Reaction 1: \(2\text{Fe} + \text{O}_2 ⇒ 2\text{FeO} \Delta G^\circ_1 = -527400 + 128T\)
Reaction 2: \(2\text{Ni} + \text{O}_2 ⇒ 2\text{NiO} \Delta G^\circ_2 = -471200 + 172T\)
We need the reduction of NiO, so we reverse Reaction 2: Reverse Reaction 2: \(2\text{NiO} ⇒ 2\text{Ni} + \text{O}_2 \Delta G^\circ = -\Delta G^\circ_2 = -(-471200 + 172T)\)
Now, we add Reaction 1 and the reversed Reaction 2:
\[ (2\text{Fe} + \text{O}_2) + (2\text{NiO}) ⇒ (2\text{FeO}) + (2\text{Ni} + \text{O}_2) \] The overall reaction is: \(2\text{Fe} + 2\text{NiO} ⇒ 2\text{FeO} + 2\text{Ni}\). The Gibbs free energy for this reaction is \(\Delta G^\circ_{rxn} = \Delta G^\circ_1 - \Delta G^\circ_2\). The reaction is spontaneous (i.e., Fe can reduce NiO) if \(\Delta G^\circ_{rxn}<0\), which means \(\Delta G^\circ_1<\Delta G^\circ_2\).

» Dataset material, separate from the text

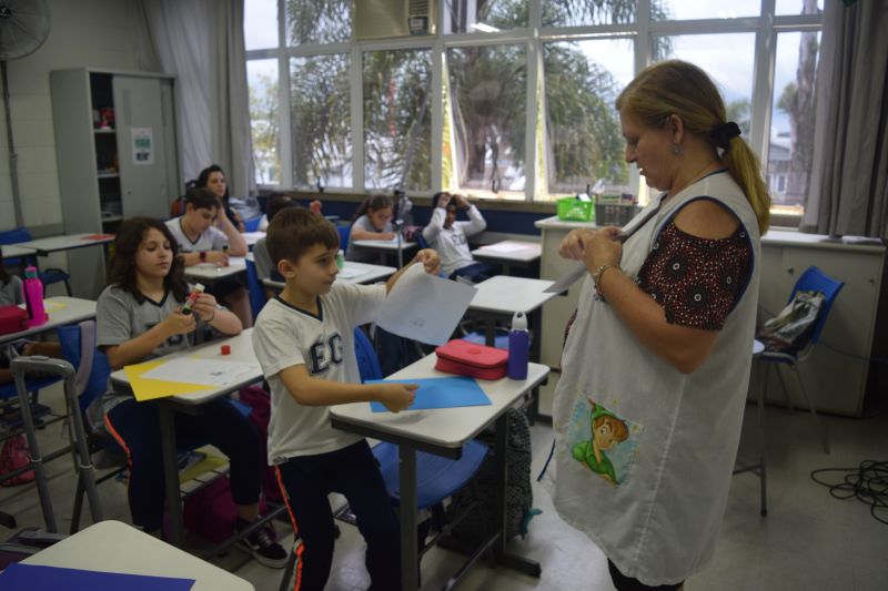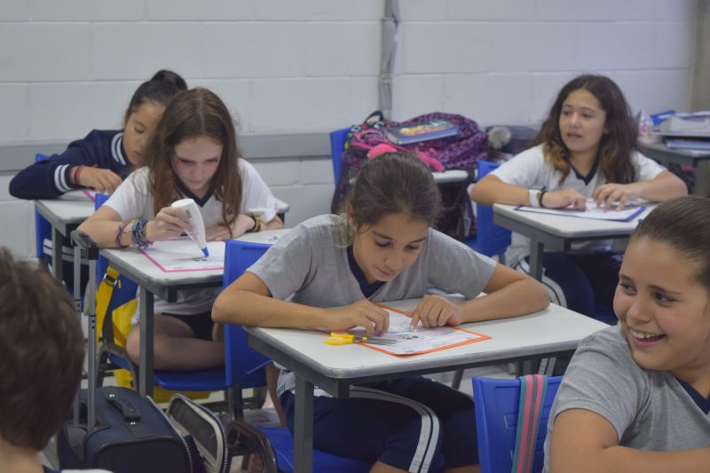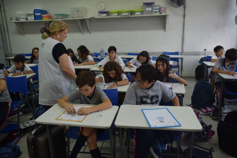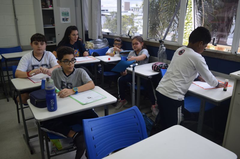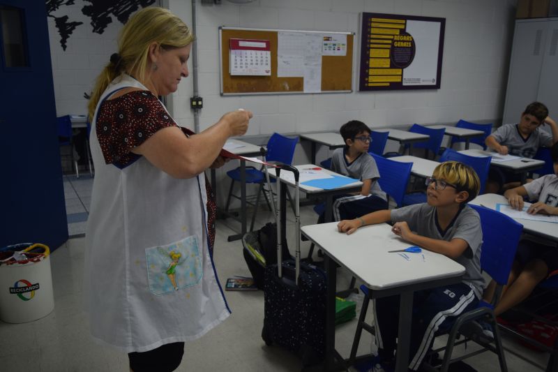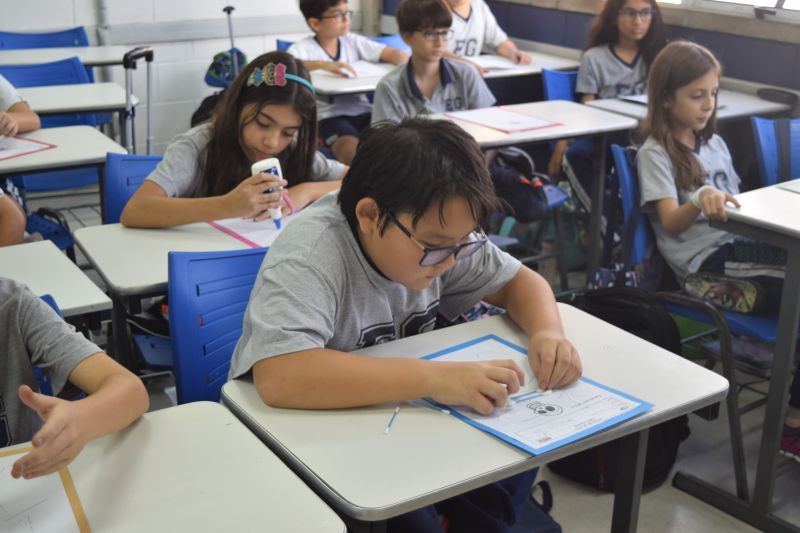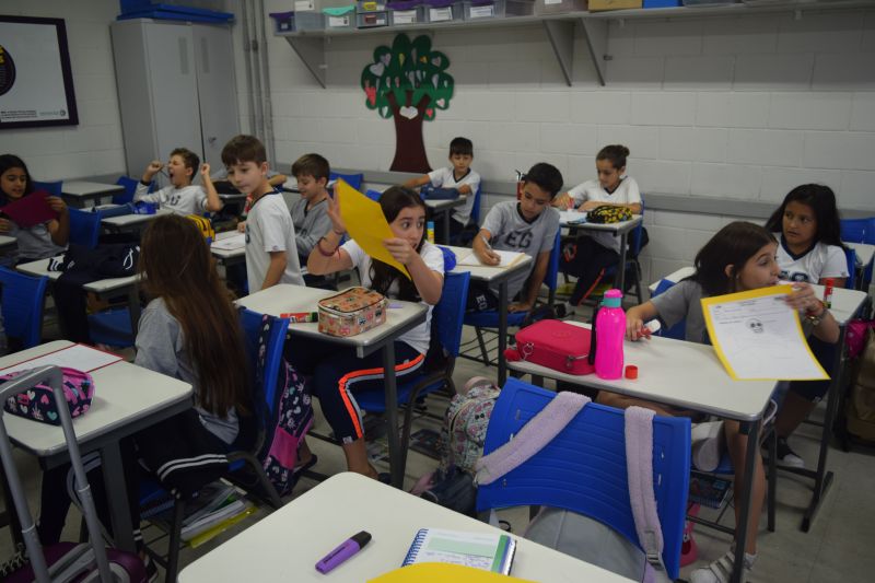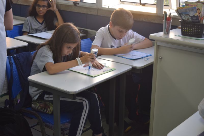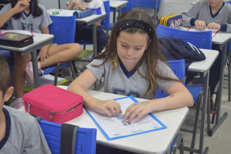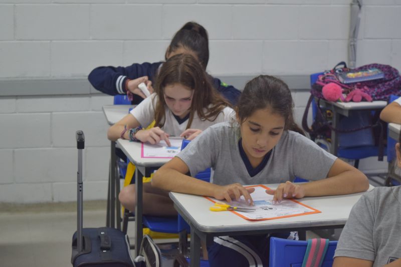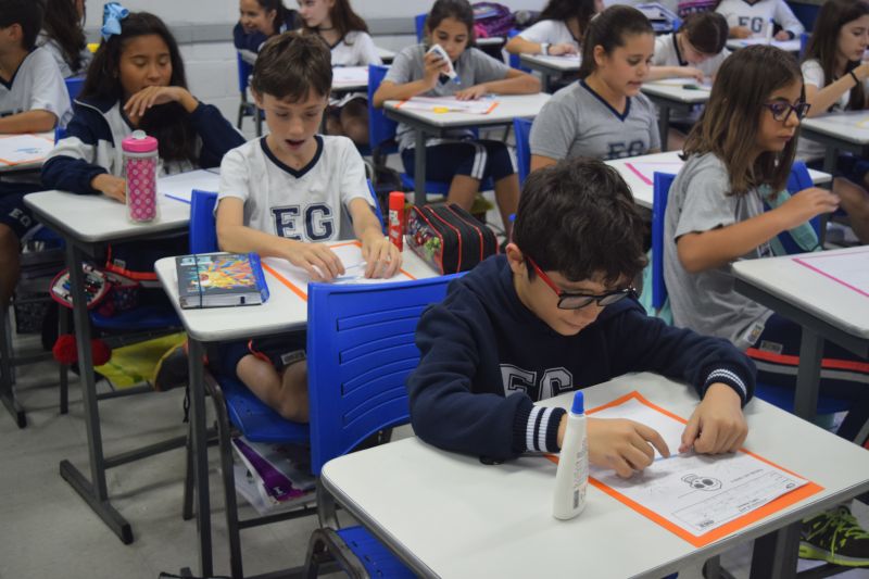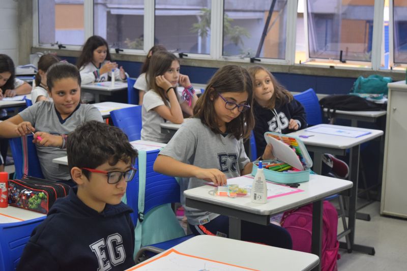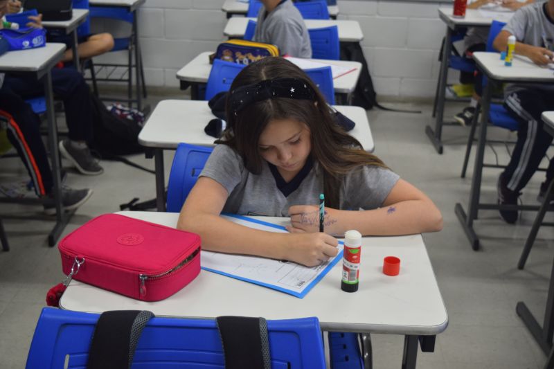 No mês de março, estudantes do 5º ano do Ensino Fundamental, orientados pela Prof.ª Vitoria Perricci, de Arte, confeccionaram esqueletos humanos com cotonetes.
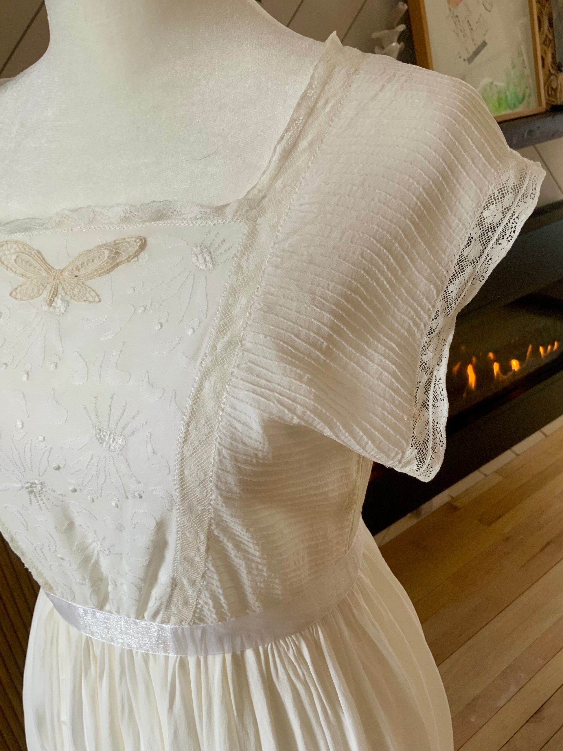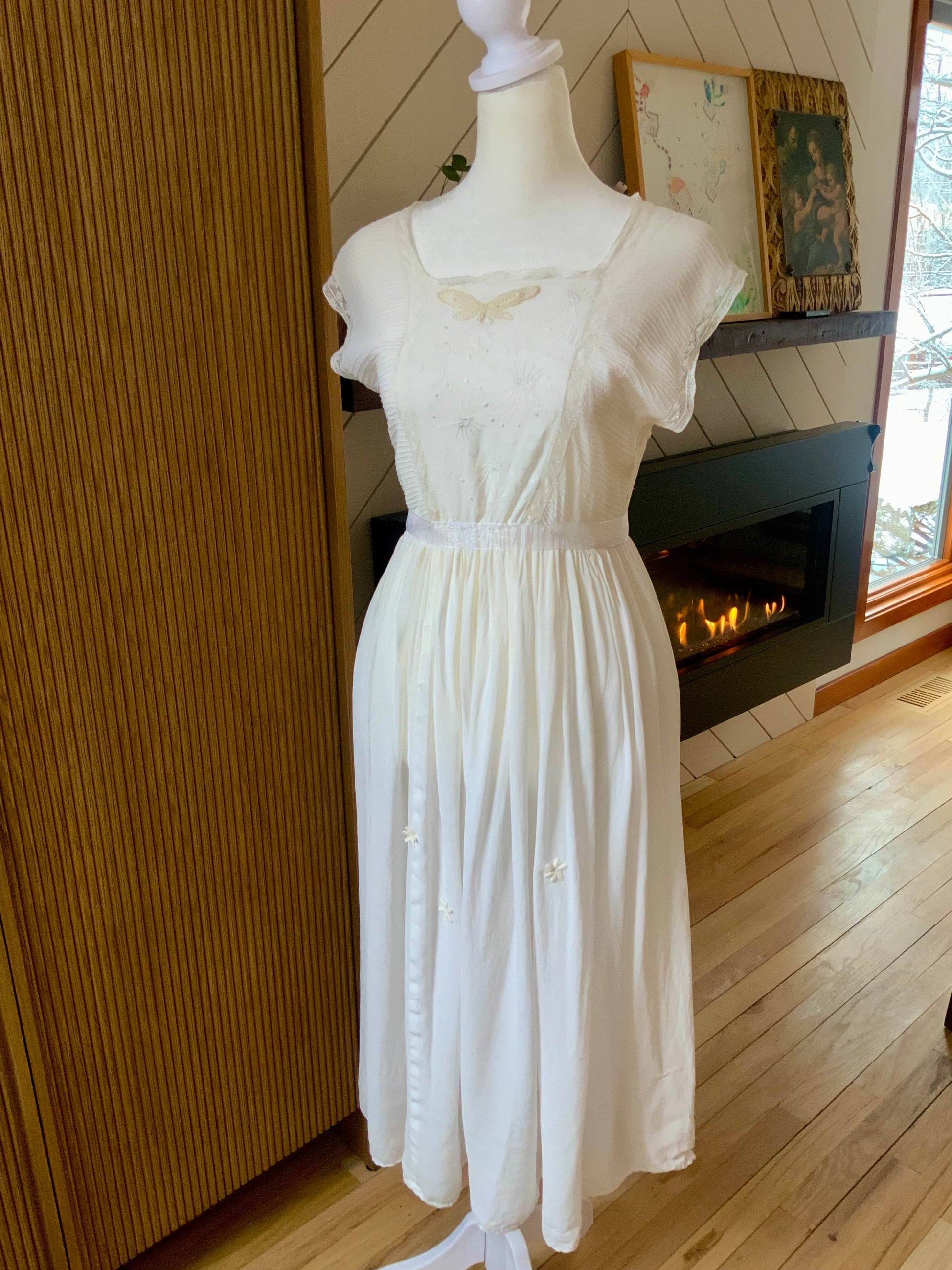 A rare and exquisitely romantic late-1930s silk lingerie dress in soft antique ivory, featuring delicate hand embroidery and an ethereal butterfly motif across the bodice.

Step 3: Detailed Calculation:
We set up the inequality \(\Delta G^\circ_1<\Delta G^\circ_2\): \[ -527400 + 128T<-471200 + 172T \] Now, solve for T. \[ -527400 + 471200<172T - 128T \] \[ -56200<44T \] \[ T>\frac{-56200}{44} \] \[ T>-1277.27 \text{ K} \] Since the temperature T must be positive in the Kelvin scale (\(T \ge 0\)), this inequality is true for all physically possible temperatures.
Step 4: Final Answer:
The condition for Fe to reduce NiO is always met. Therefore, Fe can reduce NiO at all temperatures.
Step 5: Why This is Correct:
The calculation shows that the Gibbs free energy for the oxidation of iron is always more negative than that for the oxidation of nickel, for any positive temperature. This means the Ellingham line for Fe is always below the line for Ni, making Fe a better reducing agent for NiO at all temperatures.